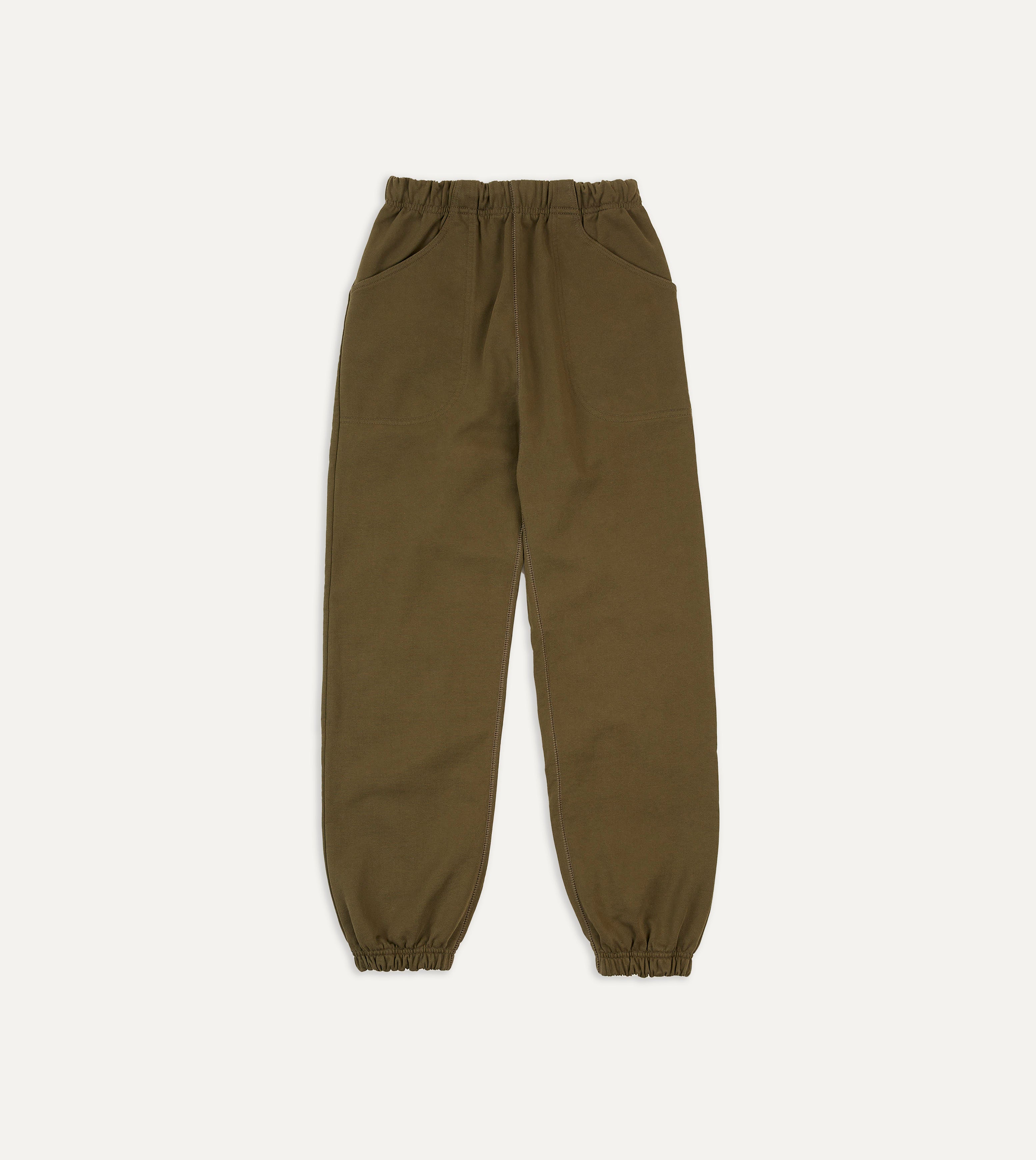 Styled after mid-century athletic gear, the flat drawstring waist and cuffs, slanted pockets and substantial weight of these jogging bottoms is authentic 20th century Americana, reimagined for the British sartorial climate.
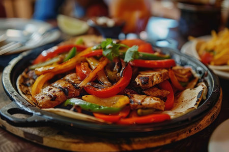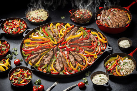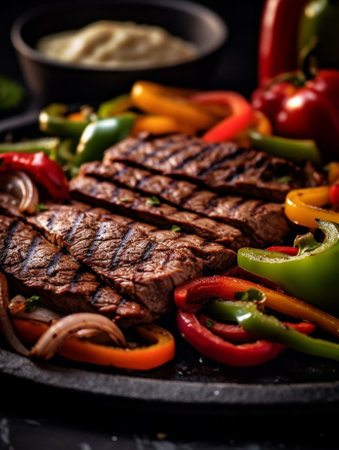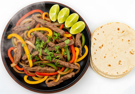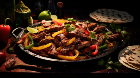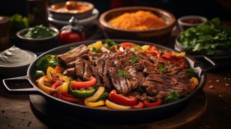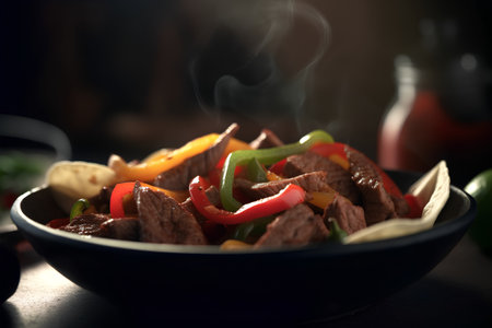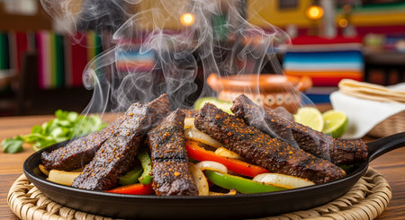 A piping hot plate of beef and vegetable fajitas sizzling and ready to eat.. AI generation
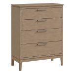 The sleek, contemporary styling of our 1135 Bailey 4-Drawer Chest will complement any modern bedroom decor. Made of solid alder hardwood and built using timeless construction methods such as mortise and tenon joinery and English dovetail drawers, this chest of drawers is built to handle all of your clothing storage needs. Two updated finish options allow you to create your own look. Our nutmeg finish offers a warm, spice colored option or choose the Almond finish for a cool, neutral beige wood tone. Whittier Wood prioritizes safety and has long been a leader in providing Anti-tip safety tethers. This chest meets or exceeds all ASTM anti-tip safety standards.

· · · · · · ·

Exercise goal -
All that is wanted is the run of lines from the start of the material through the line that holds "A piping hot", retyped exactly, with no pictures.

Result for this exercise -
 Styled after mid-century athletic gear, the flat drawstring waist and cuffs, slanted pockets and substantial weight of these jogging bottoms is authentic 20th century Americana, reimagined for the British sartorial climate.
 A piping hot plate of beef and vegetable fajitas sizzling and ready to eat.. AI generation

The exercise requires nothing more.